Most plants in our tropical food garden will grow as perennials. By keeping this month by month record I’m trying to learn and become a better gardener.


Still not ripe, new fruit still forming. One fell victim to the chickens and when we found it looking sad and brown it was golden yellow inside and the small was amazing. I don’t think we’re very good at knowing when to pick them.


Lemon tree flowering in late August in the tropics

The lemon tree flowered in late August. It was flowering on the day my mother died.


We juiced the last of the grapefruit in August. We picked them a few weeks previously. The longer you leave them the more super-sweet they become. Our grapefruit tree is currently having a rest, we’ll see flowers again soon.

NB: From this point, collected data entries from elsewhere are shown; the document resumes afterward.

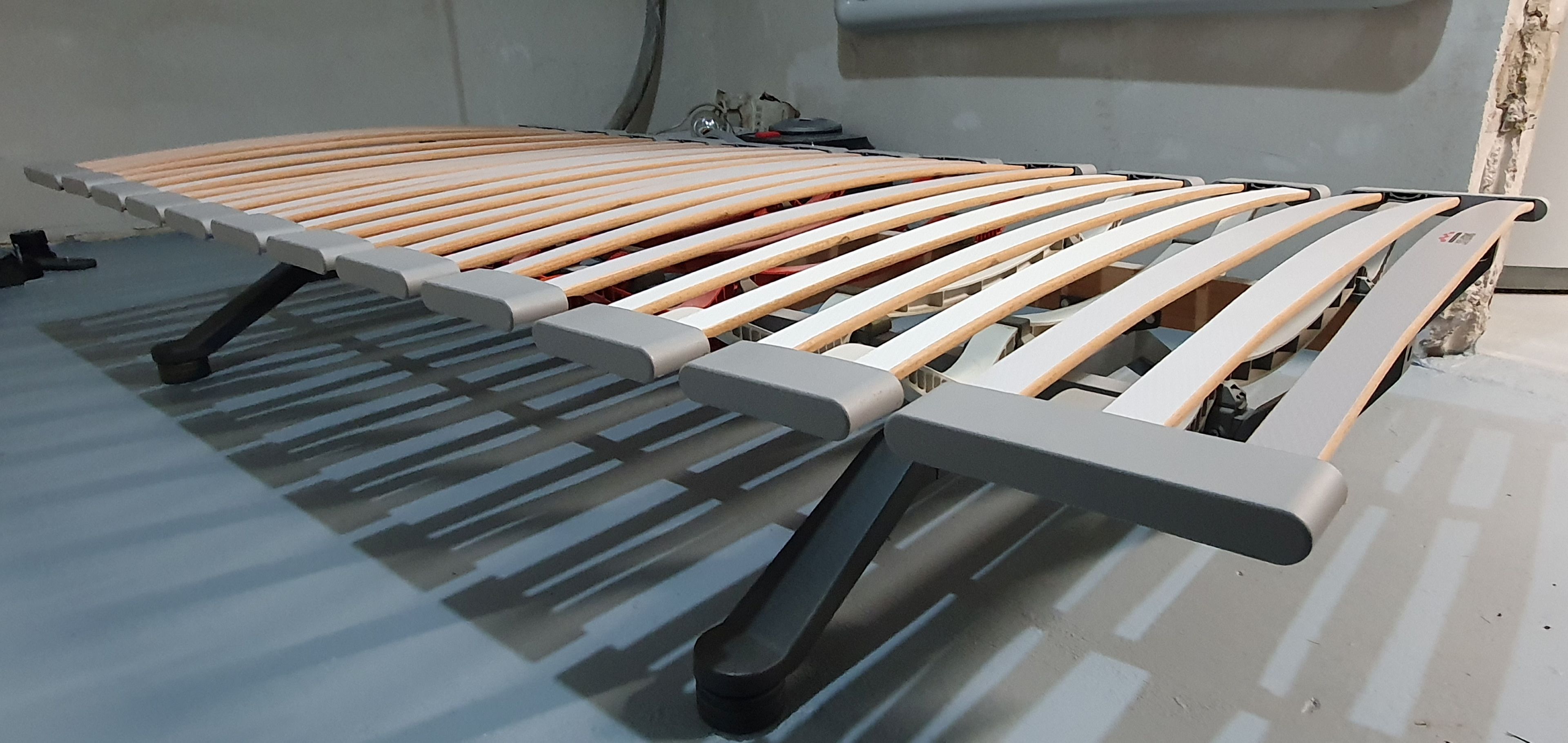 Beschreibung: Verschenke 2 Lattenroste Marke SWISSFLEX, SF505/ uni 20 Fix, 100 x 200 cm, können auf Füßen freistehen oder in Bettgestelle eingebaut werden.
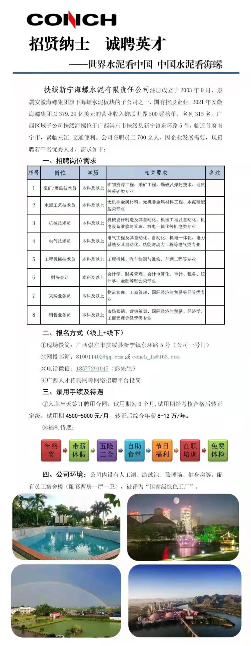 扶绥新宁海螺水泥有限公司招聘简章
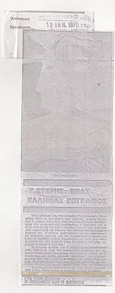 Φωτοαντίγραφο, χαρτί, 2 φφ, ακανόνιστου μεγέθους, στα ελληνικά, δημοσίευσης κριτικής έκθεσης του Γεράσιμου Στέρη, η οποία διεξάγεται στην Μακεδονική Καλλιτεχνική Εταιρεία “Τέχνη” στη Θεσσαλονίκη.
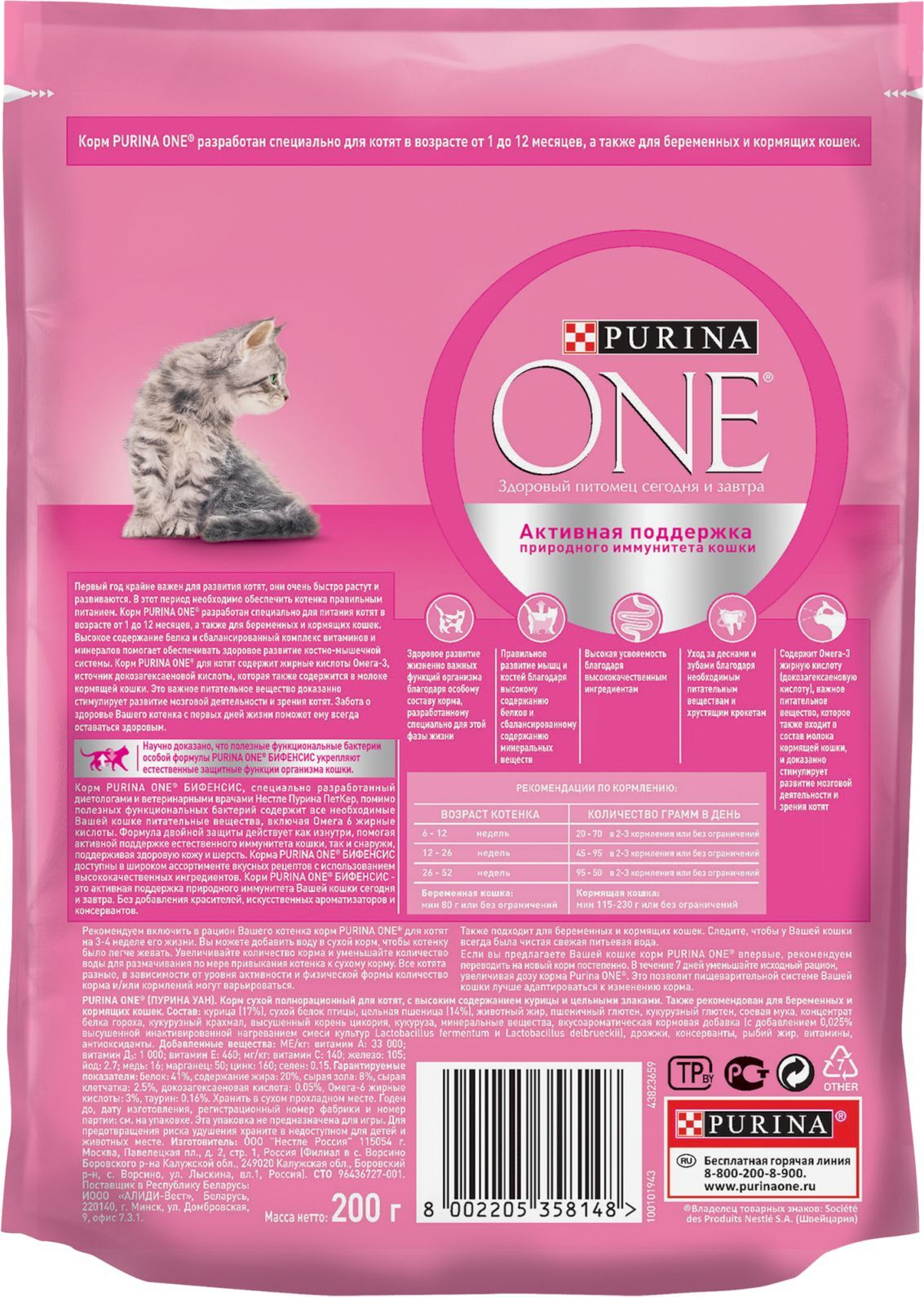 Сухой корм для котят Purina One, с высоким содержанием курицы и цельными злаками, 200 г
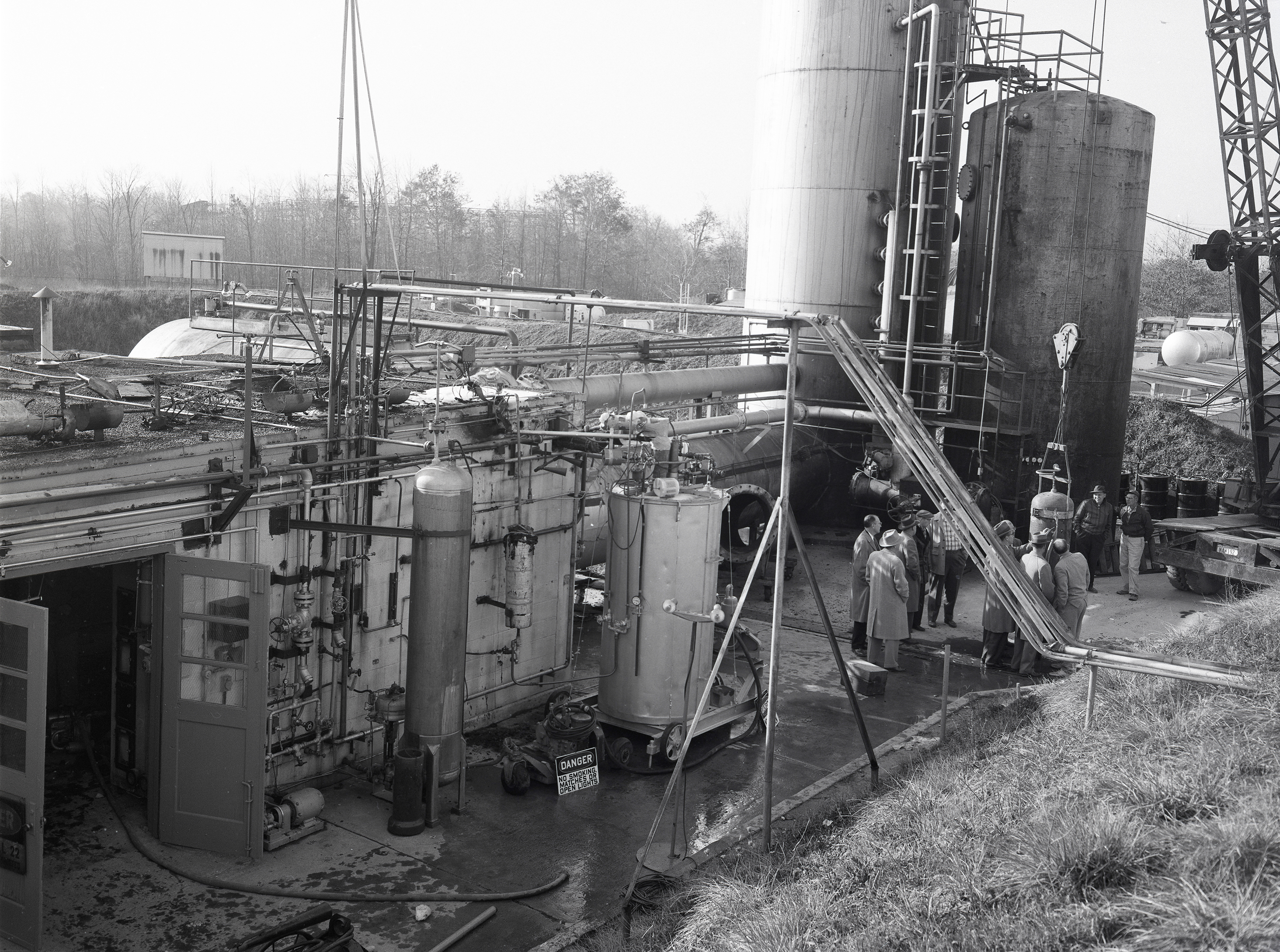 A group inspects damage to Cell 22 following the fluorine fire on November 5, 1957.
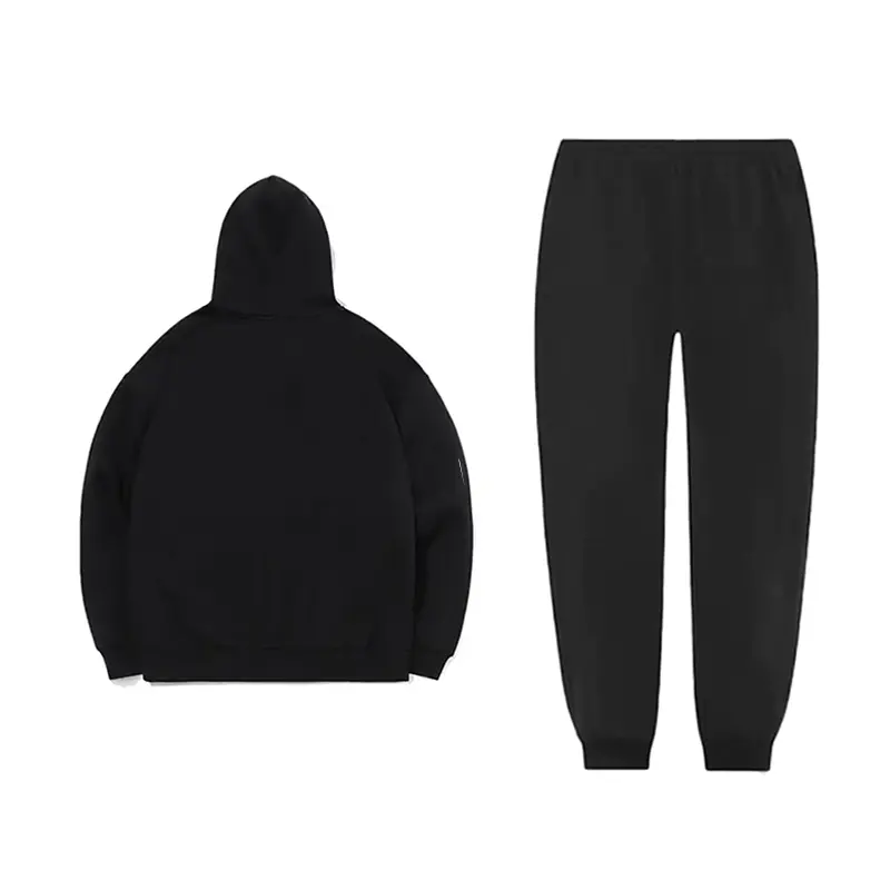 Комплект: Черная толстовка с капюшоном на флисовой подкладке + Черные спортивные штаны с манжетами на флисовой подкладке
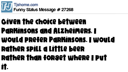 - # 40786 Thinks given the choice between Parkinson's and Alzheimer's, I would prefer Parkinson's. I would rather spill a little beer rather than forget where I put it.
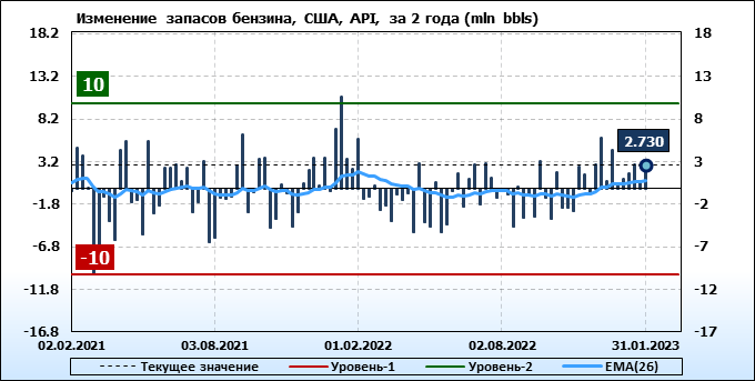 Запасы бензина в США по данным института API выросли на 2.73 млн. баррелей.

We have papayas on the plant, still not ripening


1st of August – First Flowers (these died that year, we haven’t tried again since.)

Peppers and Chillies

Something is eating our yellow peppers just as they start to fully form and ripen. Birds? Mice? Rats? But every pepper has vanished, clean-cut at the stem, overnight. We eventually figured out it was rats and they started eating low hanging tomatoes, eggplant and even kale. We got ourselves some rat traps and things improved.

Thai bird’s eye chili seedlings are growing. These were grown from seed from the original huge plant which died recently due to unknown causes. These are perennials here, fruiting all year round. The only problem with these is the birds like to eat the tiny red fruit. There are so many that it hardly matters, but a flock of birds will strip a plant in minutes.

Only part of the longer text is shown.